The design of the filesystem is up to you, but it must support the following operations:

  • Reading and writing files (of course!). Once opened, a file can only be read from or written to based on the flag passed to uva_open(). If a user attempts to read from a file opened only for writing, for example, an error should be returned.

  • The filesystem must be able to store more data than can fit in just the disk or nonvolatile memory. That is, you cannot just ignore one medium.

  • The filesystem must support filenames at least 127 bytes long.

  • The filesystem must persist if the userspace process exits and restarts. The storage library emulates nonvolatile storage by using files in the host filesystem.
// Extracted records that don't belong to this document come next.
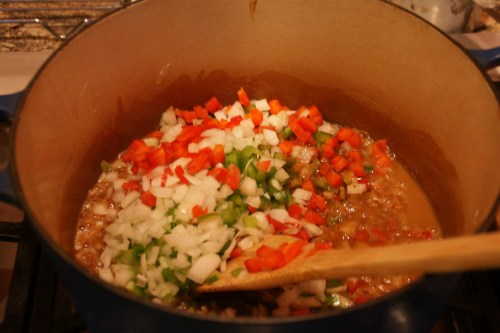 Add the vegetables; they will sizzle.  That’s okay.  Just mix with the roux and let soften.
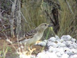 A male spotted bowerbird usually decorates his bower with white shells outside the entrance and a scattering of other keepsakes.
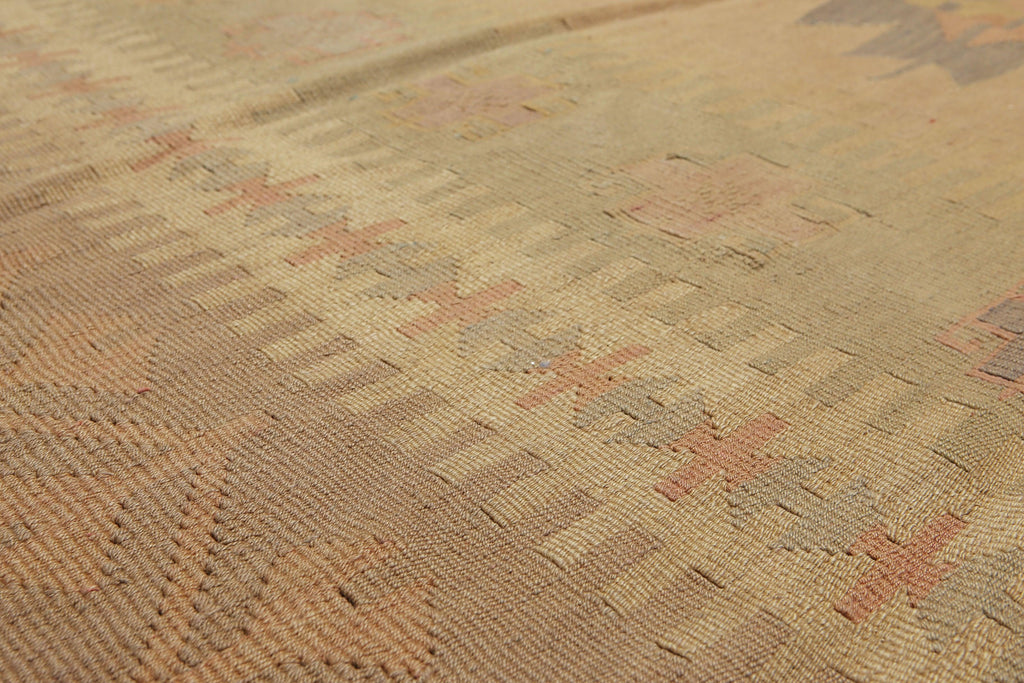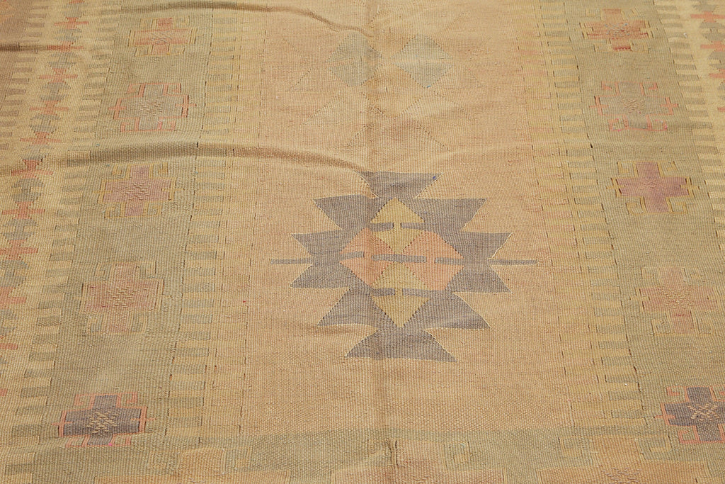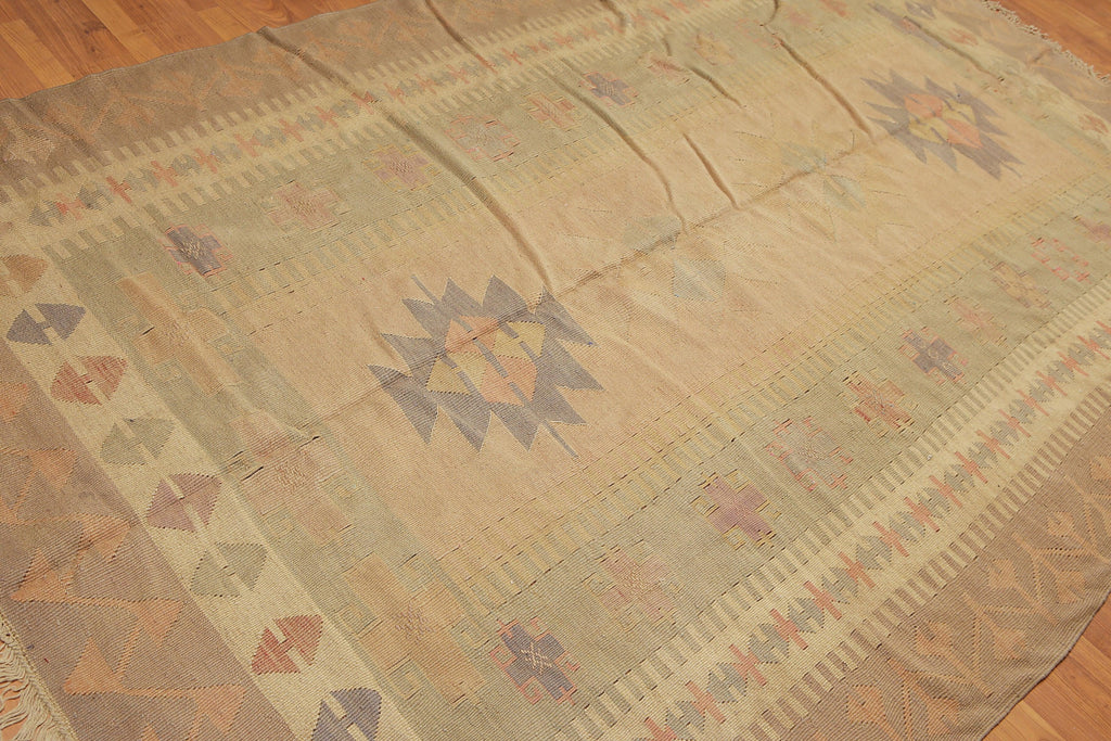 6'4" x 10'3" Tan Hand woven Tribal Turkish Kilim Wool Vegetable Dyes Traditional Oriental Area rug

If one userspace process uses your filesystem and then finishes, any files it creates should still be visible if a new userspace process uses the filesystem.

    Note, your filesystem does not need to handle unexpected crashes. Also, you can assume that only one process uses the filesystem at a time.

Implementation

You may implement the filesystem in C or Python. You can really use any language, but you are then responsible for setting up the tests. Note: if you use Python, the underlying storage will still be in a shared library from C. To create buffers to pass to the disk and nvm, use ctypes.create_string_buffer().

Testing

Towards the bottom of test.py you should choose the version (C or Python) you have implemented. Then you can call the run_test() function with a test name.
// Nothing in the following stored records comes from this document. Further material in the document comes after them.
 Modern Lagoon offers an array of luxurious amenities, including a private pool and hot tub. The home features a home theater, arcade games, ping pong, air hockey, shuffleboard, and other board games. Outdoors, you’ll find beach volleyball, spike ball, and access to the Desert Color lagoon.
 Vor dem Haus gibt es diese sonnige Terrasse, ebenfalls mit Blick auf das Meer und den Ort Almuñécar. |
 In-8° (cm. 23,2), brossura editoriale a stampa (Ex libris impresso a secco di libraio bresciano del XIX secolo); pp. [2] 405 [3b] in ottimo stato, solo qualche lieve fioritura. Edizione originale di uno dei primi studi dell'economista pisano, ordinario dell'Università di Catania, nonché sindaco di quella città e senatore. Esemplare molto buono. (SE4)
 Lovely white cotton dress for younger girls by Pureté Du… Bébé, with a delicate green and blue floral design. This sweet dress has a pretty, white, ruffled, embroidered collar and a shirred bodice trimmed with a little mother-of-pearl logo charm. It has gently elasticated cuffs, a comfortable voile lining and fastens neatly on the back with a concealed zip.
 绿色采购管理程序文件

Running the test script looks something like:

$ make             # generate the shared library from C
$ python3 test.py  # run the tests

Since filesystems are persistent, the files from previous tests will be preserved unless the raw storage files are deleted.

Since the underlying storage is always implemented in C, you need to run make at least once when implementing the filesystem in Python.

Debugging

The two filesystems are stored as just regular binary files. Therefore, you can view their contents like so:

$ hexdump -C disk.bin | less
$ hexdump -C nvm.bin | less

Deliverables

  1. The implementation of your filesystem.
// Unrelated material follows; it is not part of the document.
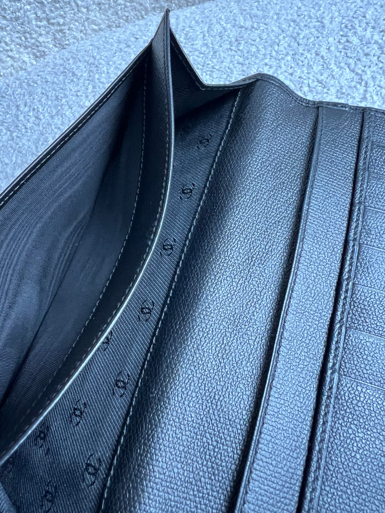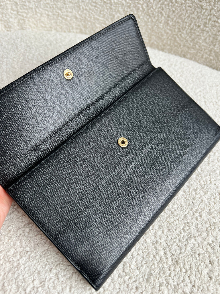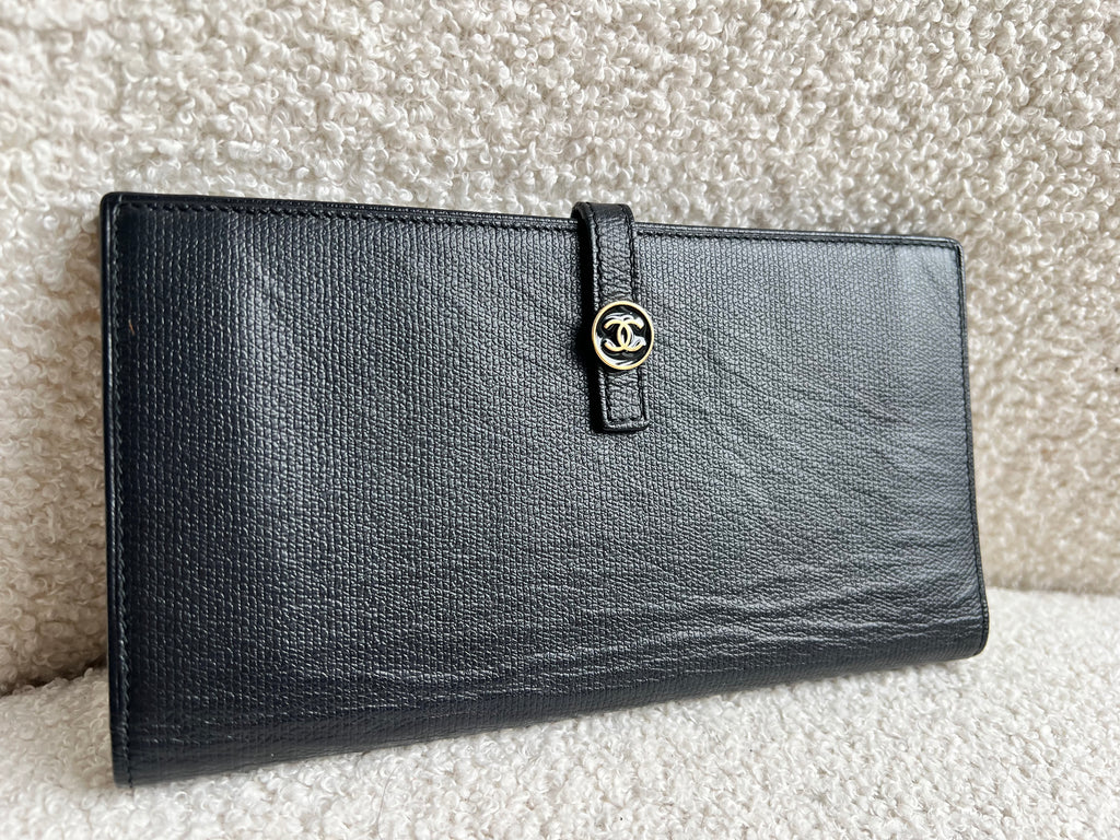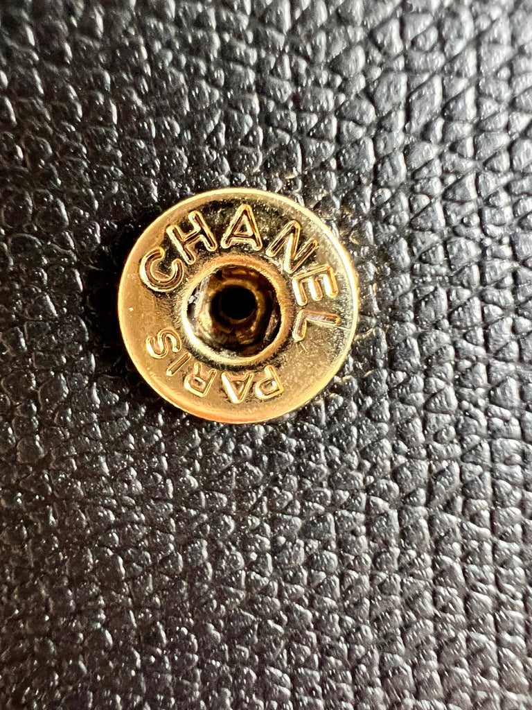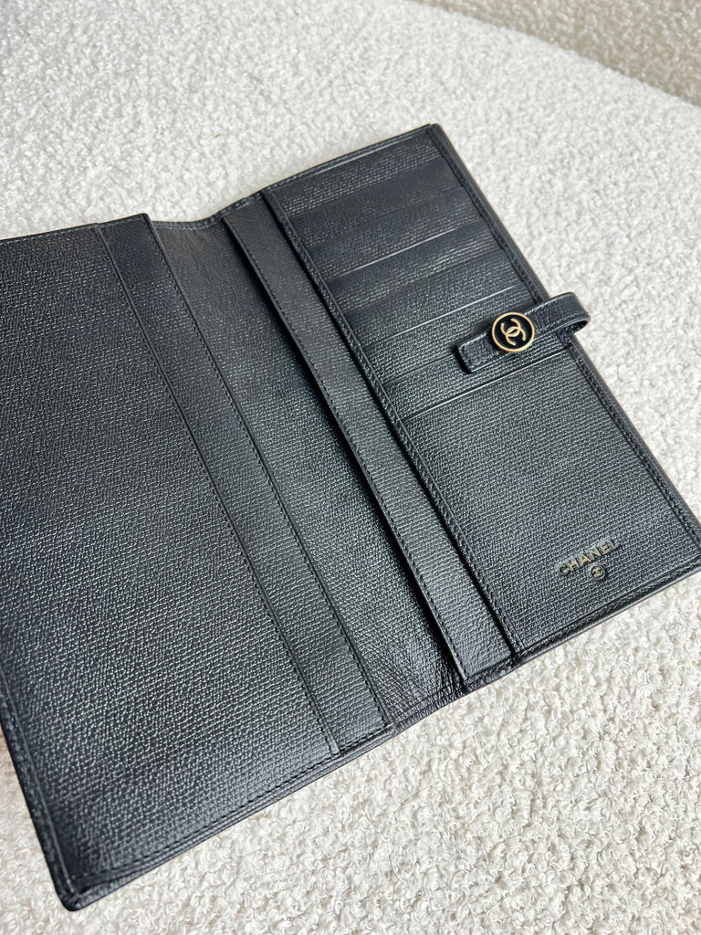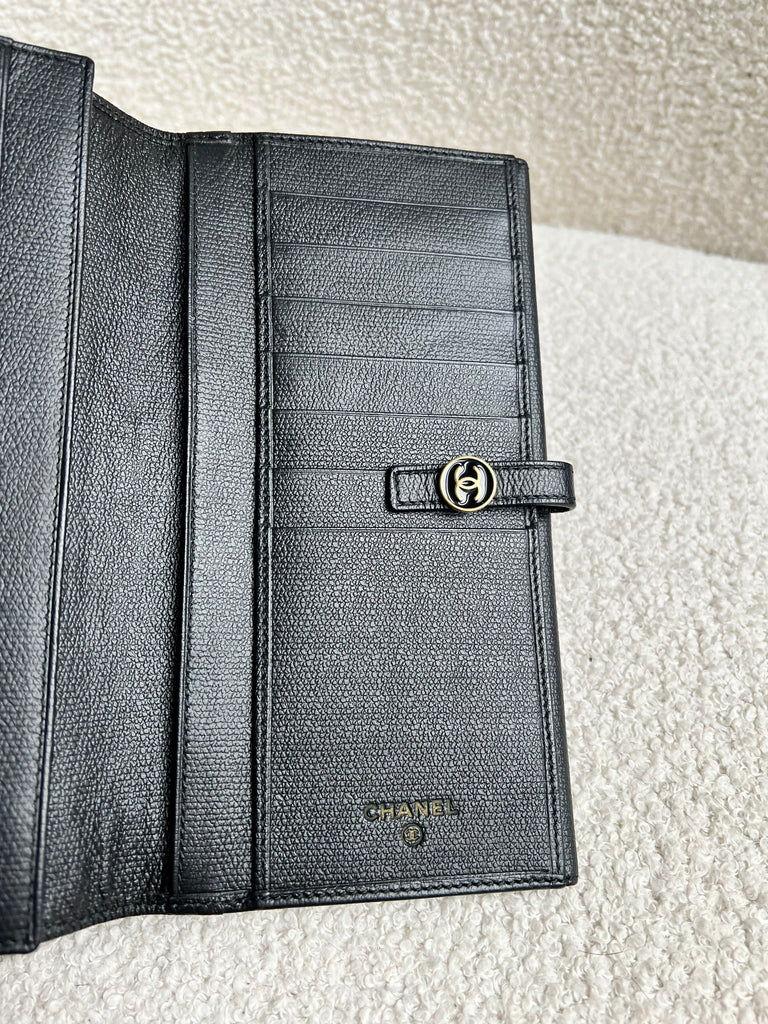 Chanel Coco Button long wallet in Black Caviar Leather. This bifold long flap sized wallet is perfect for those who prefer a larger sized wallet. Flap section on reverse and tab push stud closure for main bifold section with plenty room for cards, cash and bills.

  2. A figure showing the performance of your filesystem when creating small files. The x-axis should be the number of files. The y-axis should be time. You should time how long it takes your filesystem to create X number of 256 B files, where X ranges from 0 to 500 skipping by 10. The filesystem should be erased between each test. The test_small_files.py script may be helpful. You should name your graph small_files with an appropriate extension.

  3. A figure showing the performance of your filesystem when creating files of different sizes. The x-axis should be filesize. The y-axis should be time. You should time how long it takes your filesystem to write a single file of size X, where X ranges from 0 bytes to 30000 bytes, skipping by 1000 bytes. The filesystem should be erased between each test. You should name your graph single_file with an appropriate extension.

  4. A CDF showing the read performance of your filesystem. The x axis should be time, and the y axis should be percentage of reads that took that amount of time or less to complete. The filesystem should be populated with many random length files, and then you should time how long it takes to read them back. You should repeat this several times with a newly randomly generated set of files in the file system. You may find test_random_files.py useful for this.You should name your graph random_file_read_cdf with an appropriate extension.

Submission

Submit the code and figures in a .zip file on Collab.